Kitle ve Cephe Kararları
Yeni önerilecek yapıların yer seçimlerinde arsanın yoğun ağaç dokusu en önemli belirleyici unsur olmuştur. Öncelikli olarak ağaçların olmadığı bölgeler tespit edilmiş, daha sonra yıkılacak binaların alanları etüt edilerek bu bölgelerde yeni yapılar tasarlanmıştır. Yapıların formları da mevcut peyzaj dikkate alınarak belirlenirken iç mekanların doğa ile birleşmesi, doğal peyzajın bir anlamda iç mekanlarla bütünlük içinde güçlü bir mekansal imge oluşturması hedeflenmiştir. Yataklı üniteler dışındaki hiçbir yapı iki kattan fazla olmayacak şekilde tasarlanarak doğal çevre içerisinde mütevazi bir ölçek yakalanmış ve yapılar doğal peyzaj dokusu içinde kaybolmuştur. Çeperde ağaçların bulunmadığı bir noktada yer alan yataklı servis binaları yerleşkeyi çevreleyen kent ile yerleşke arasında bir arayüz oluşturacak şekilde konumlandırılmıştır.

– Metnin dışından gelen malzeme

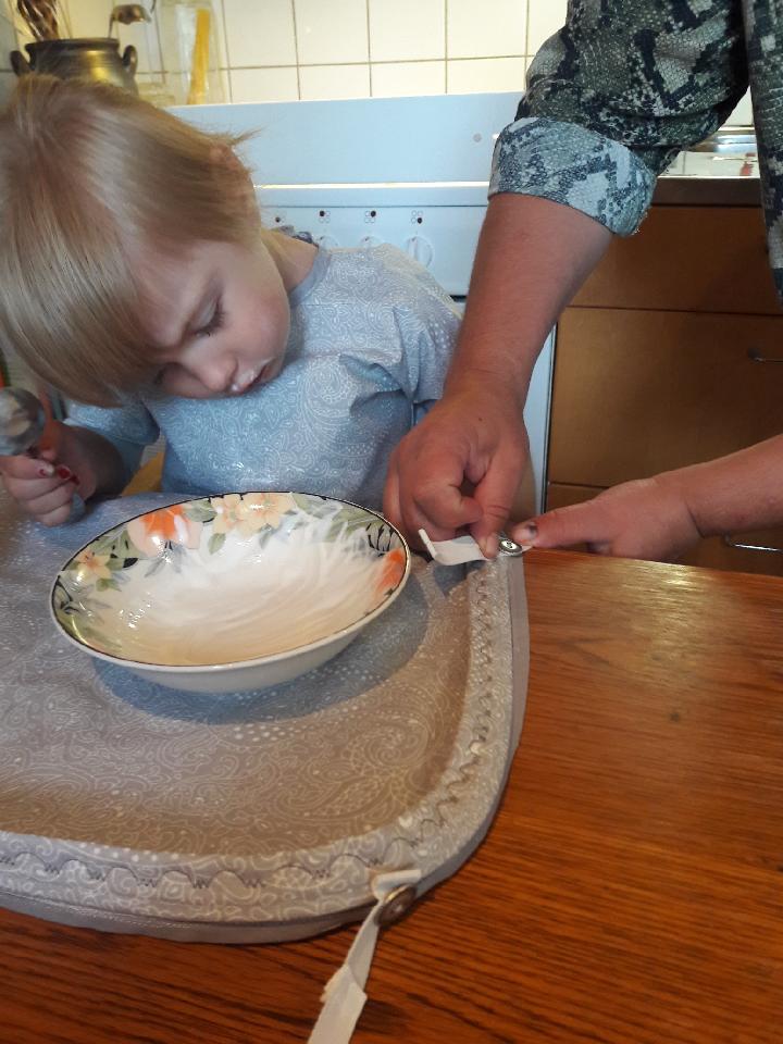 Om barnet tenderar att lyfta i brickan finns bomullsband med knapphålsresår för att montera haklappen vid bordet. Dessa fästes i brickans 4 knappar och spänns fast runt bordet.
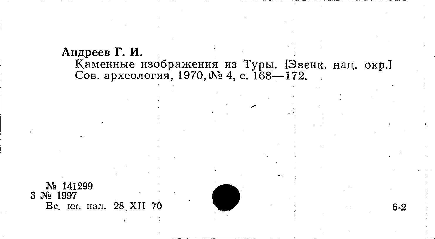 Статья: Каменные изображения из Туры. [Эвенкийский национальный округ]. Советская археология, № 4 /1970: № 4 /1970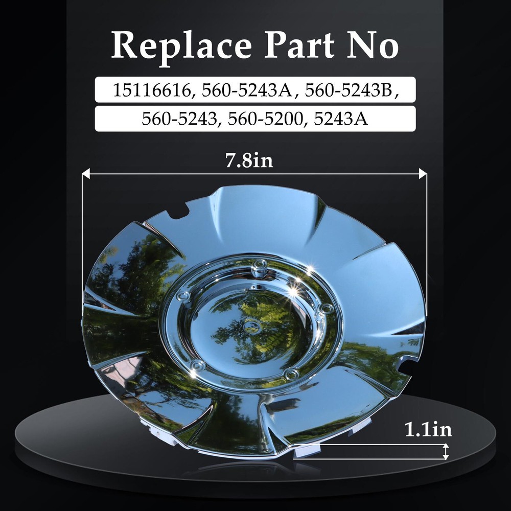 Finish: Silver Plastic Other Part Number: 15116616, 560-5243A, 560-5243B Brand: BROTHERAUTO Placement on Vehicle: Left, Right, Front, Rear Interchange Part Number: 560-5243B, 560-5243, 560-5200, 5243A gtin13: Does not apply Manufacturer Part Number: 15116616 Material: Plastic UPC: Does not apply Features: Chromed Number in Pack: 4 Superseded Part Number: 15116616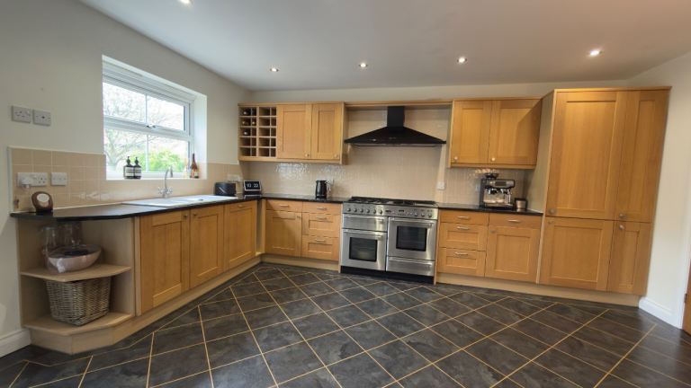 Offering a set of wooden sage green kitchen units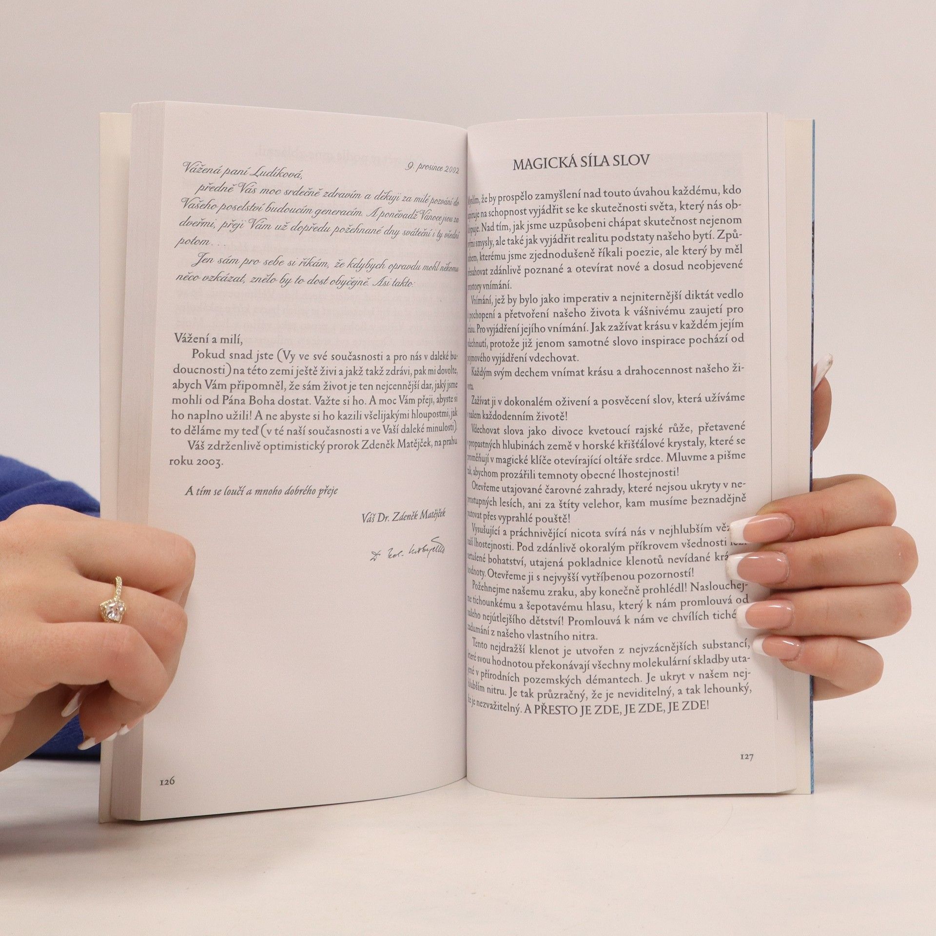 Vícejazyčná kniha shromažďuje příspěvky českých i zahraničních autorů, které mají vyjadřovat jejich poselství budoucím generacím. Česká spisovatelka a překladatelka katolické orientace oslovila v roce 2000 řadu osobností naší i cizí kultury, aby se pokusili vyjádřit svou představu smyslupného života. Tak vznikl sborník originálních vzkazů budoucím generacím i případným obyvatelům vesmíru, který soustřeďuje v rámci náboženských principů představu autorů o důstojném životě člověka na zemi.
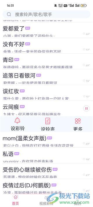 1. 打开并进入软件,随意挑选一个铃声,然后点击设置为彩铃。
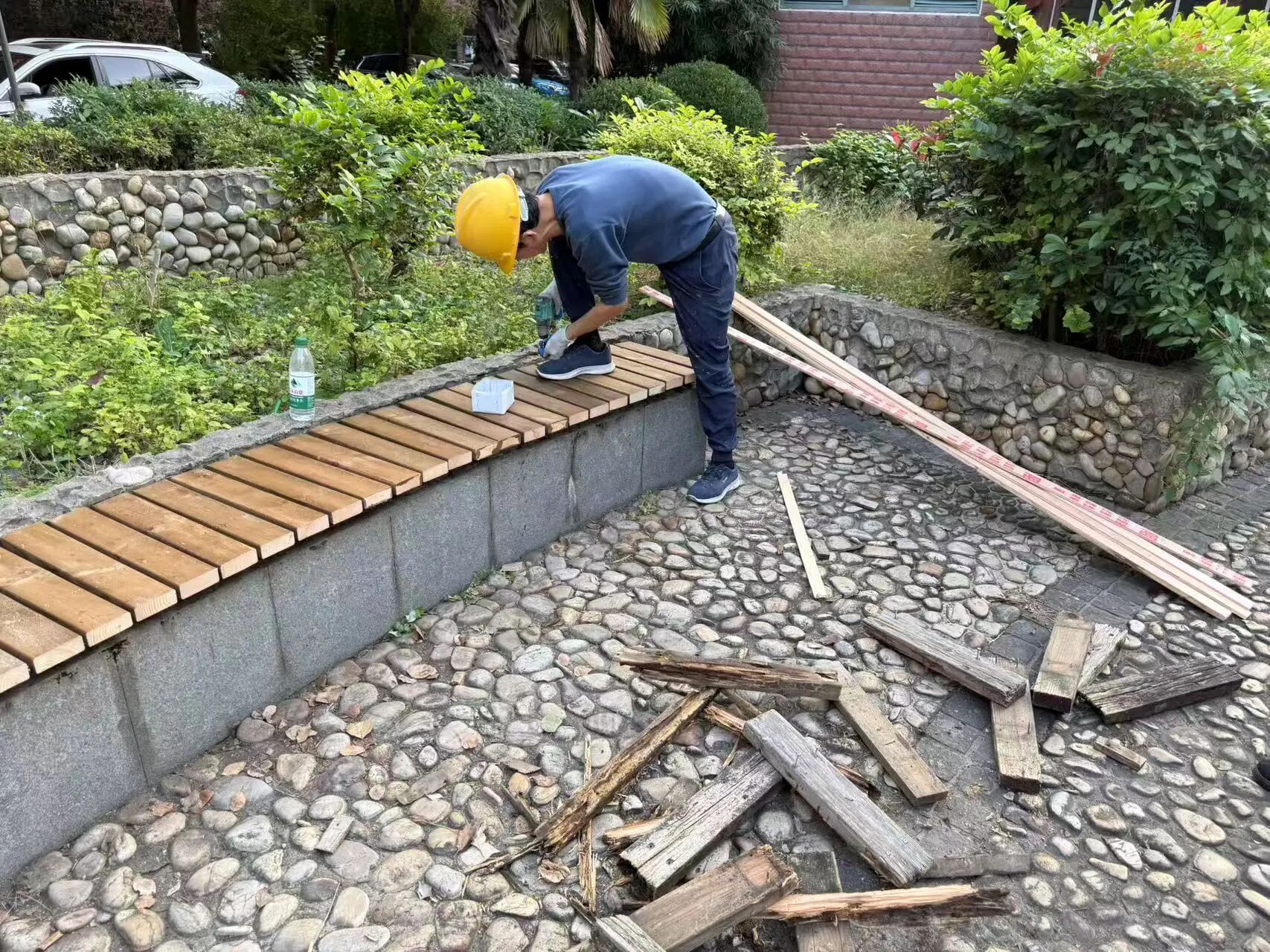 在妇女议事会上,妇联执委、巾帼志愿者们围绕“耐用性”“实用性”“美观度”展开讨论,大家结合日常观察提出不少意见和建议。在与棋牌角“资深玩家”爷叔们的座谈中,更收集到了关键诉求:“下棋时手容易沾到茶水,木质桌子一受潮就发霉,最好用防水防滑的材料”“长椅要结实,能经得起多人同时坐,还要防腐耐用”。 根据协商议事,小区花园公共设施微改造项目得以敲定。不仅更新使用防滑石材的棋牌座椅,并根据实际情况选用防腐木材的休闲长椅。每一个细节,都藏着居民对美好生活的期待。 为了让项目稳稳落地,高境五村居民党总支制定了精细的项目实施计划,从经费申请、材料选购、改造质量监督、后续维护保养,每一步都有小区志愿和居民们参与,确保居民能随时了解项目动态。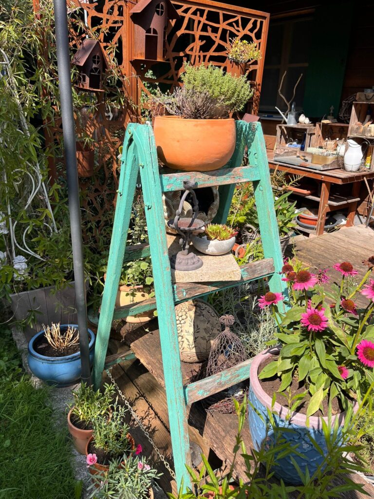 (wo man sich niederlassen möcht‘) mit liebevollst angelegten Beeten und malerischen Ecken, Skulpturen und selbstbewussten Katzen und wurden mit herrlichster kräuterhaltiger Brotzeit verköstigt.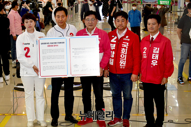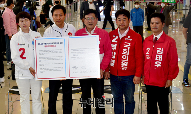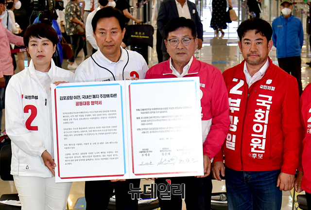 김은혜 국민의힘 경기도지사 후보, 오세훈 서울시장 후보, 허향진 제주도지사 후보, 부상일 제주을 국회의원 후보가 30일 오후 서울 강서구 김포공항 국내선 청사에서 김포공항 이전 저지를 위한 공동 기자회견에서 협약서를 들어 보이고 있다.
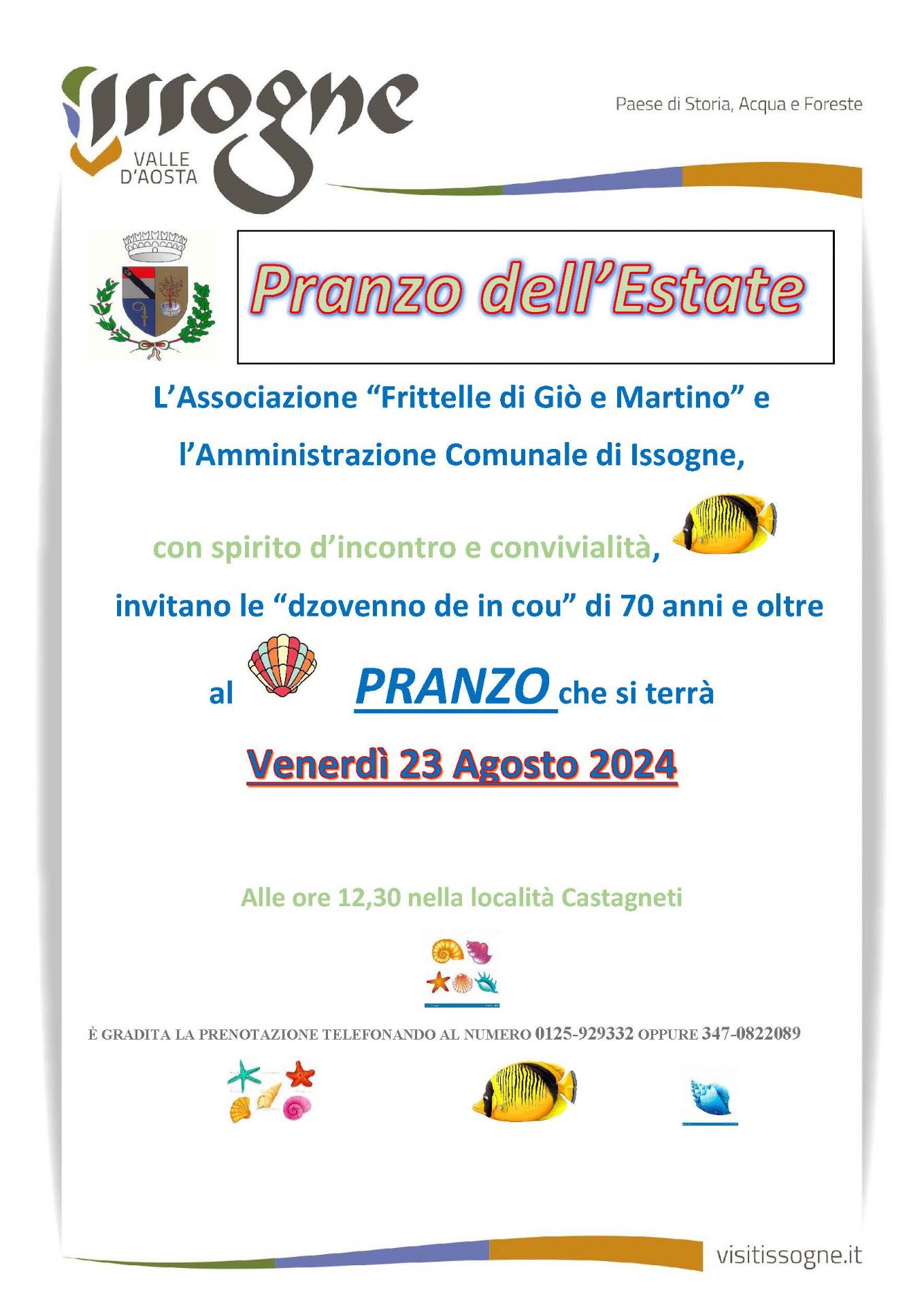 L'Associazione "Frittelle di Giò e Martino" di concerto con l'Amministrazione Comunale di Issogne invitano le "dzovenno de in cou" di anni 70 ed oltre al PRANZO che si terrà VENERDI' 23 AGOSTO 2024 alle ore 12.30 in località Castagneti.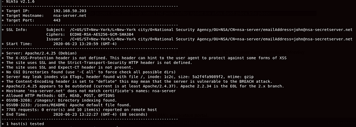 Running Nikto reveals that the hostname does not match the certificates name: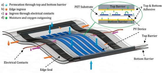 Scaling OPVs for widespread use involves overcoming several technological challenges, particularly concerning the inherent instability of organic materials and the complexities of large-scale production. The primary challenge in scaling OPVs is the inherent instability of organic materials. These materials can degrade under environmental stressors such as UV light, oxygen, and moisture. Sutherland et al. [] argue that the development of flexible barrier encapsulation is essential, which requires materials with exceptional moisture resistance, high transparency, and durability against mechanical stress. Their review discusses these challenges in detail and examines the latest advancements in flexible encapsulation materials, suggesting directions for future research. Figure 5 shows four distinct routes through which moisture and oxygen can penetrate flexible encapsulated PSC and OPV devices.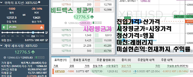 공매도를 시장가(12727.5)에 주문을 넣었으니 진입가격이 12727.5이 되겠고 다음 시장평균가는 현재 시장의 가격입니다.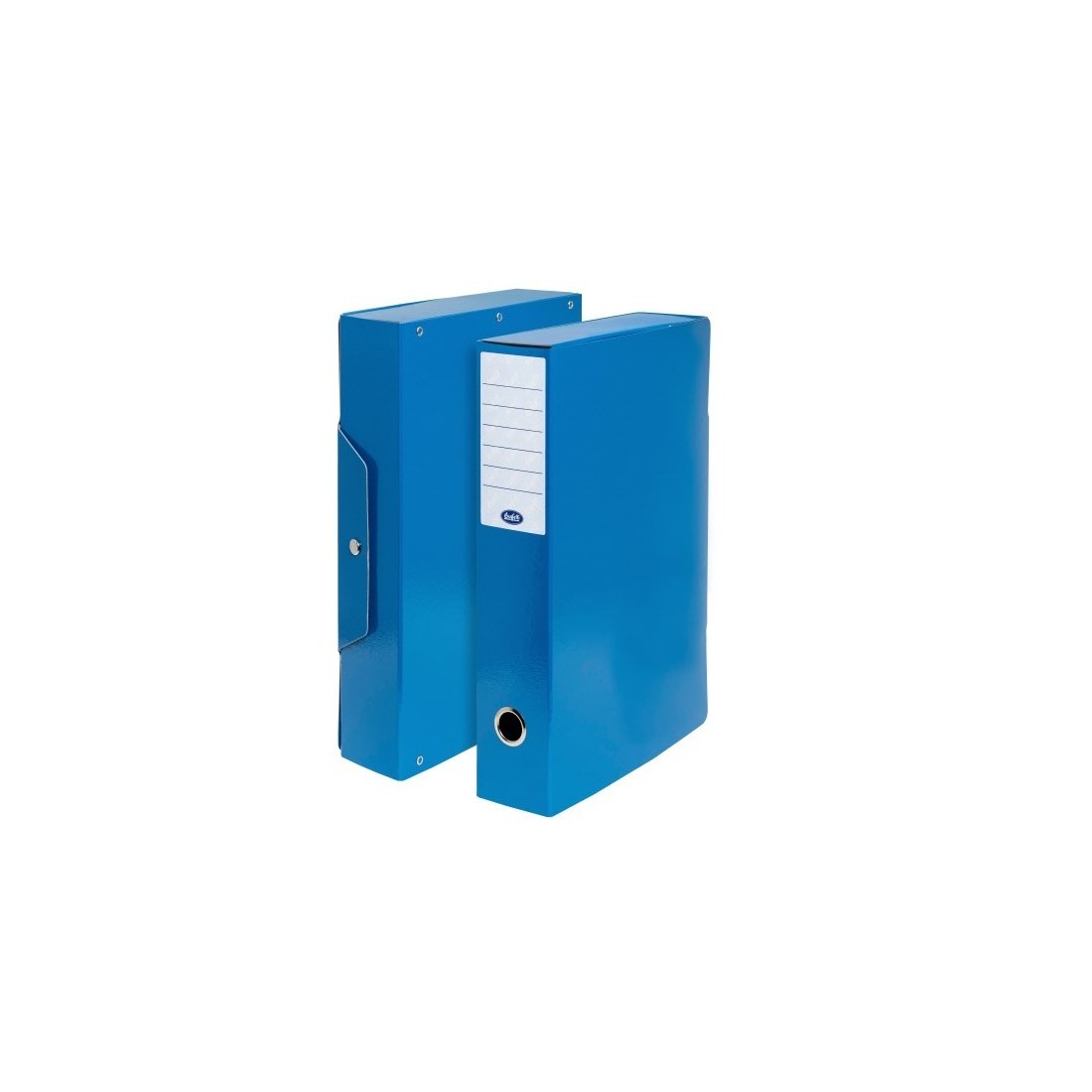 Una vasta gamma di scatole portaprogetti realizzate in robusto presspan biverniciato extra-lucido con finitura goffrata. Dotate di etichette adesive applicate sul dorso.

Poliklinik ve yataklı servis binalarının cephe dili farklılaştırılırken benzer malzeme, oran ve ölçüler kullanılarak dil birliği sağlanmasına özen gösterilmiştir. Personel alanları, hasta odaları, ortak alanlar ve genel sirkülasyon alanlarının cephe dili mekanların tasarımına uygun olarak değiştirilmiştir. Ancak yapının bütünlüğüne, kompozisyonunda uyuma ve oranların etkisine önem verilmiştir.
Cephe tasarımında doğal ışığın kullanılmasında gösterilen özen önemli bir çevresel karardır. Doğal ışıktan mümkün olduğunca faydalanılması hedeflenmektedir, ancak fazla güneş ışığının kontrolü de yine cephede önerilen GRC prekast cephe elemanlarıyla sağlanmaktadır. Yapının tasarımında uzun ömürlü ve doğal malzemeler seçilmiş ve renklerin sadeliğine ve doğallığına özen gösterilmiştir. Cephelerde cam, doğal taş, ahşap paneller ve fibrobetondan oluşan bir kompozisyon tercih edilmiştir. Cephede malzeme farklılıklarıyla yaratılan derinlikler ve yüzey hareketleri bir yandan mekansal kurguları vurgularken diğer yandan güneş kontrolüne de olanak sağlamaktadır. Cam cephelerde ise güneş kontrollü camların kullanımı öngörülmektedir. Çok sayıda kişinin aynı anda kullanacağı konferans salonu, fuaye, giriş holü, yemekhane, kantin ve dinlenme alanları gibi mekanlarda gürültü kontrolü sağlamak üzere akustik duvar ve tavan kaplamaları kullanılmıştır.